ABOUT THIS TASK: For this exercise, write out each entry below exactly, omitting the images.

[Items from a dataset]
========================================================================
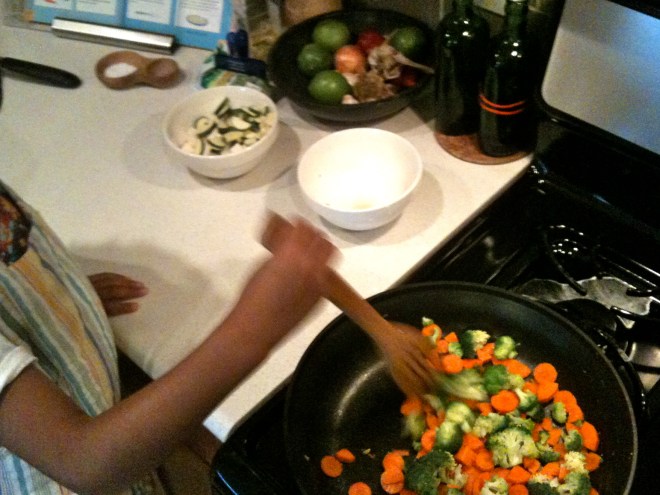 She made Vegetarian Stir-Fried Rice from Honest Pretzels* a couple of days ago and it was quite yummy. A simple little stir-fry, that pleased and filled our tummies. She wasn’t very happy with the results – the rice tasted too much like the carrots and broccoli. Go figure.
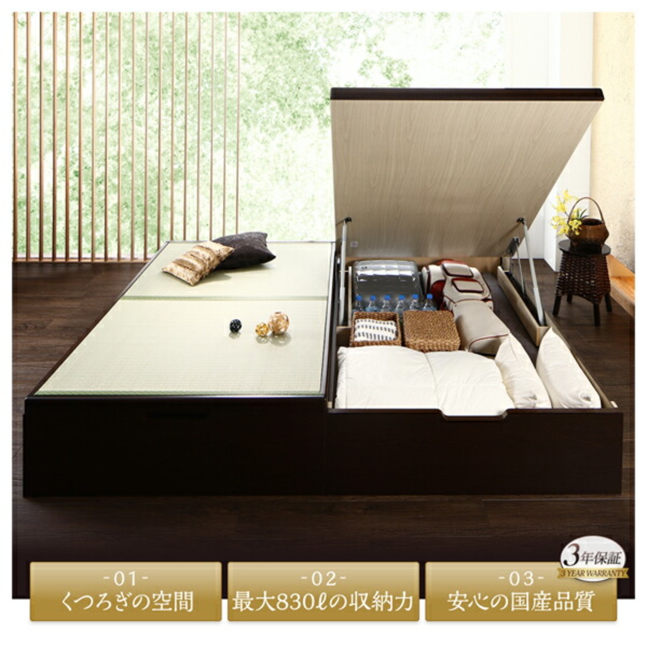 お客様組立の和空間をつくる日本製大容量収納ガス圧式跳ね上げ畳ベッド 国産畳 シングル 深さラージ
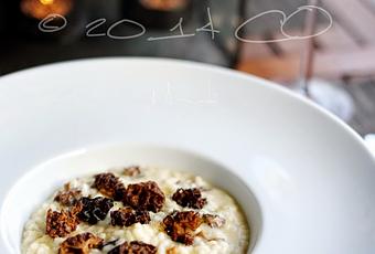 Pour ce plat, une base très simple de risotto, rendu très crémeux grâce à un velouté d’asperges blanches, accompagnées d’une poêlée de morilles fraiches ! Mariage parfait !Risotto crémeux aux asperges blanches et morilles
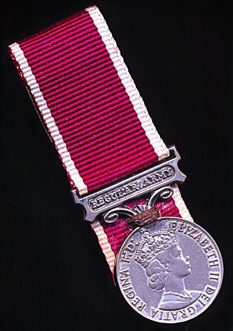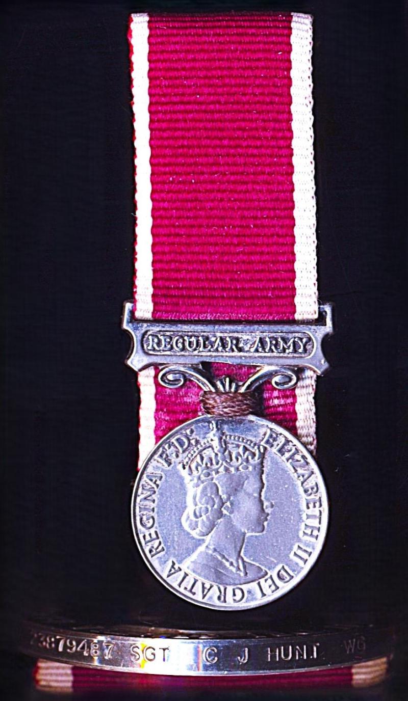 A positively attributed miniature Military Long Service and Good Conduct Medal. EIIR second issue with clasp 'Regular Army' (23879487 Sjt C J Hunt WG
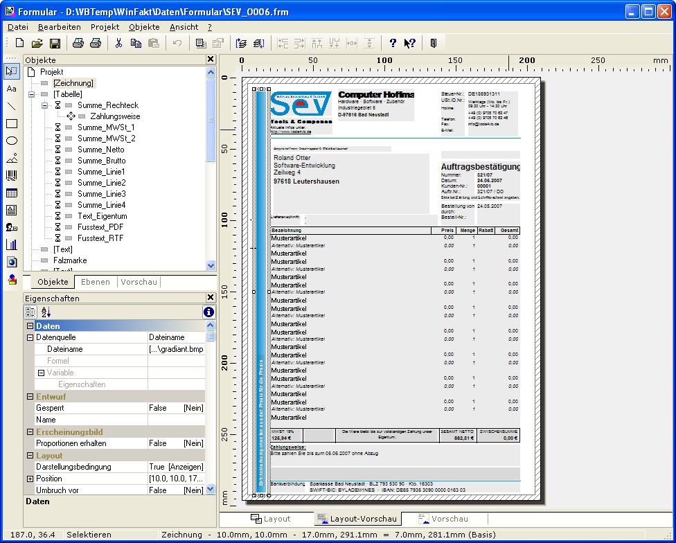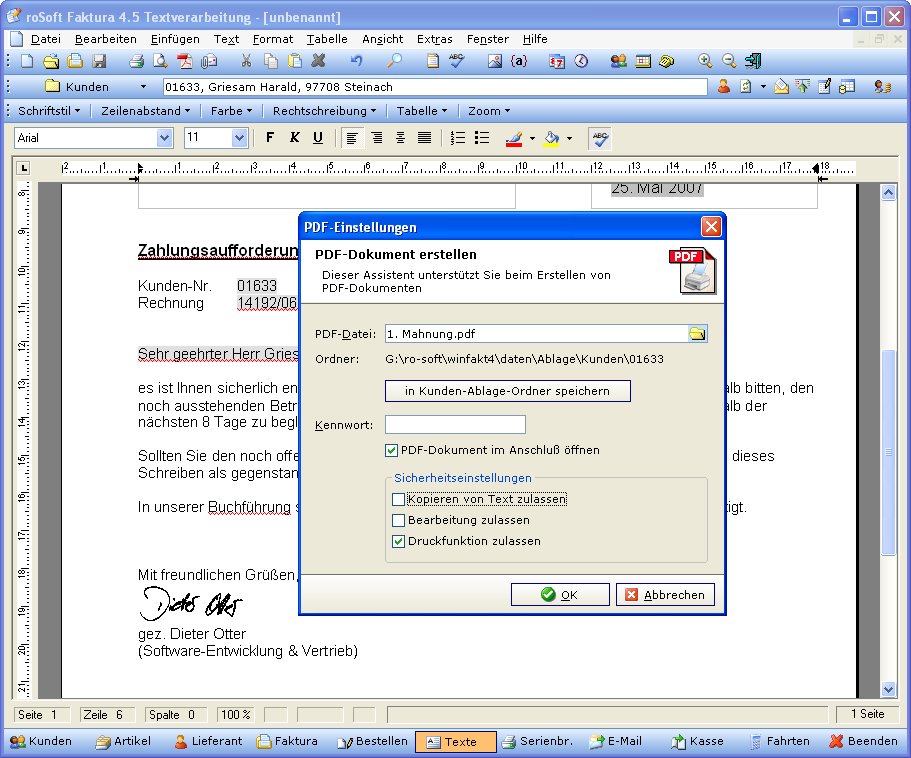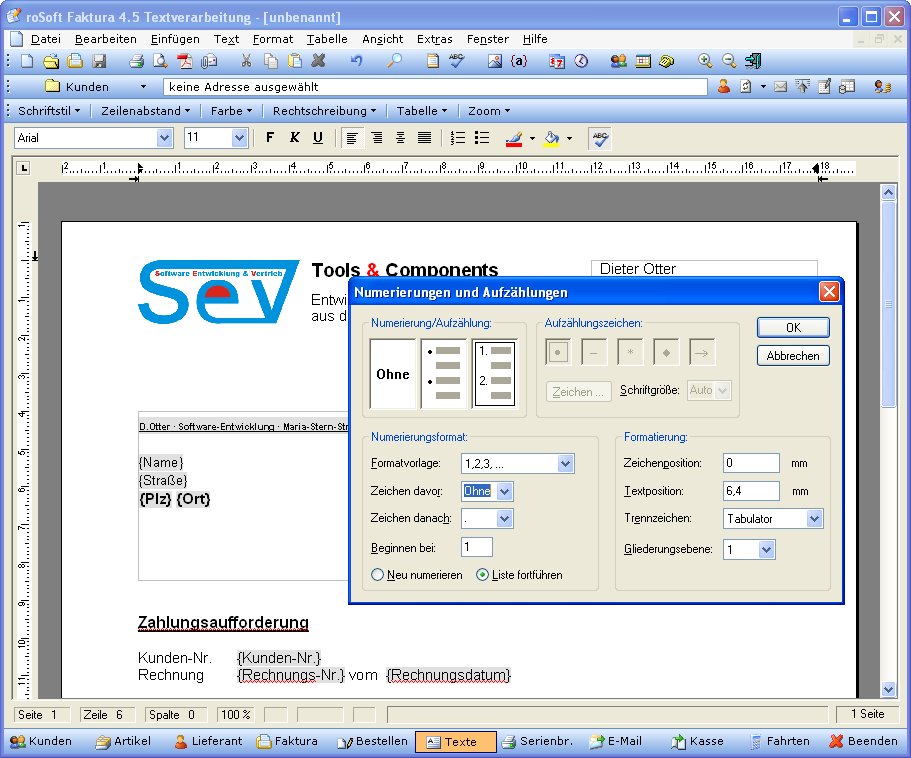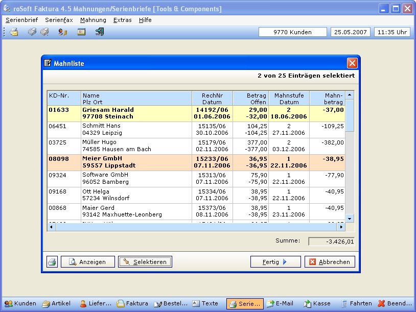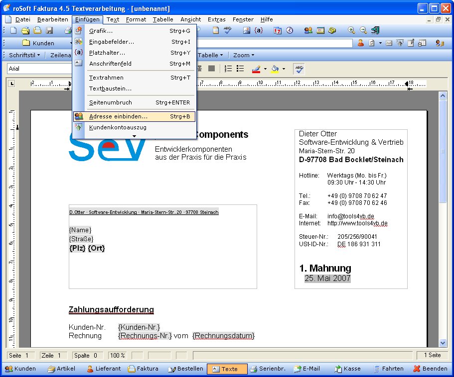 Textverarbeitung, Serienbriefmodul und Mahnungen
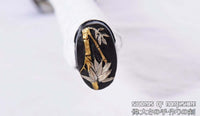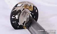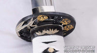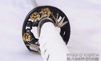 In addition to the traditional design of the blade, we’ve also accented this weapon with classic Japanese themes. The blossoms and bamboo on the hilt — picked out in silver and gold plating — add delicate artistry to such a brutal weapon.
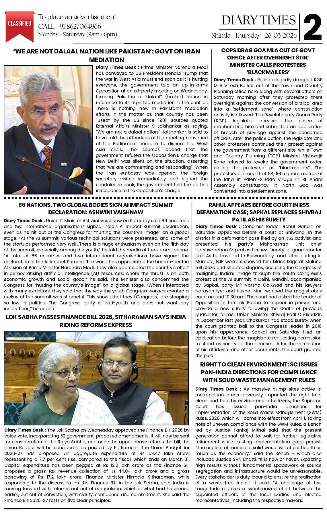 Diary Times 26 Mar 2026 Page: 2
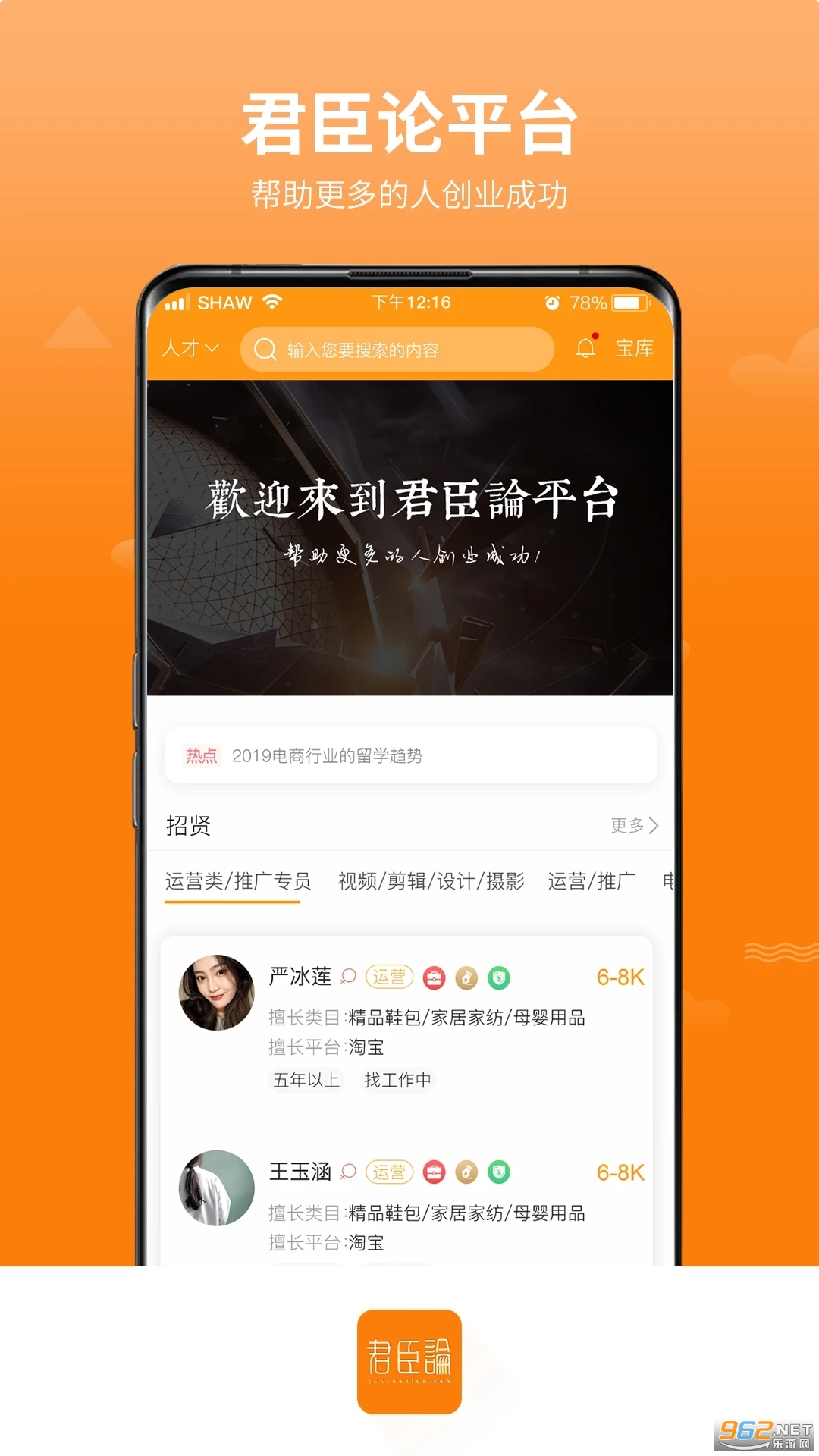 《君臣论君主安卓版》是一款一体化的人才招聘雇佣服务。准尉主播,车手,美工,运营等互联网,电商,新媒体从业者提,提供人才招聘和技术服务的平台,操作非常方便,需要的朋友快来下载吧!
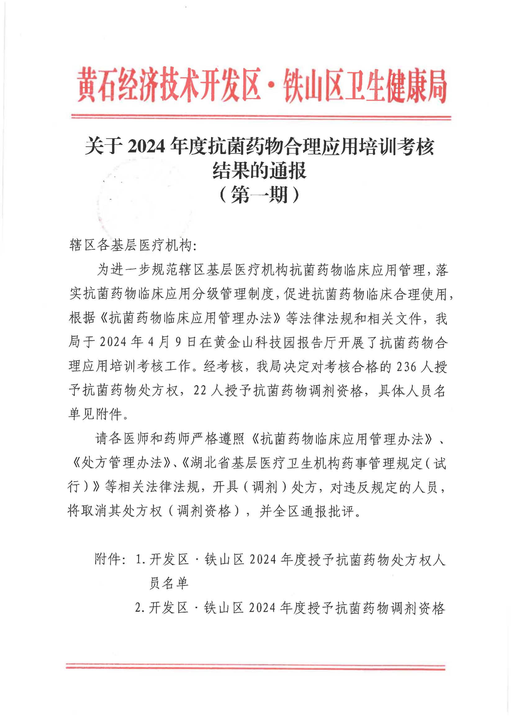 关于2024年度抗菌药物合理应用培训考核结果的通报 (第一期)
========================================================================
RESPONSE AREA:
 She made Vegetarian Stir-Fried Rice from Honest Pretzels* a couple of days ago and it was quite yummy. A simple little stir-fry, that pleased and filled our tummies. She wasn’t very happy with the results – the rice tasted too much like the carrots and broccoli. Go figure.
 お客様組立の和空間をつくる日本製大容量収納ガス圧式跳ね上げ畳ベッド 国産畳 シングル 深さラージ
 Pour ce plat, une base très simple de risotto, rendu très crémeux grâce à un velouté d’asperges blanches, accompagnées d’une poêlée de morilles fraiches ! Mariage parfait !Risotto crémeux aux asperges blanches et morilles
 A positively attributed miniature Military Long Service and Good Conduct Medal. EIIR second issue with clasp 'Regular Army' (23879487 Sjt C J Hunt WG
 Textverarbeitung, Serienbriefmodul und Mahnungen
 In addition to the traditional design of the blade, we’ve also accented this weapon with classic Japanese themes. The blossoms and bamboo on the hilt — picked out in silver and gold plating — add delicate artistry to such a brutal weapon.
 Diary Times 26 Mar 2026 Page: 2
 《君臣论君主安卓版》是一款一体化的人才招聘雇佣服务。准尉主播,车手,美工,运营等互联网,电商,新媒体从业者提,提供人才招聘和技术服务的平台,操作非常方便,需要的朋友快来下载吧!
 关于2024年度抗菌药物合理应用培训考核结果的通报 (第一期)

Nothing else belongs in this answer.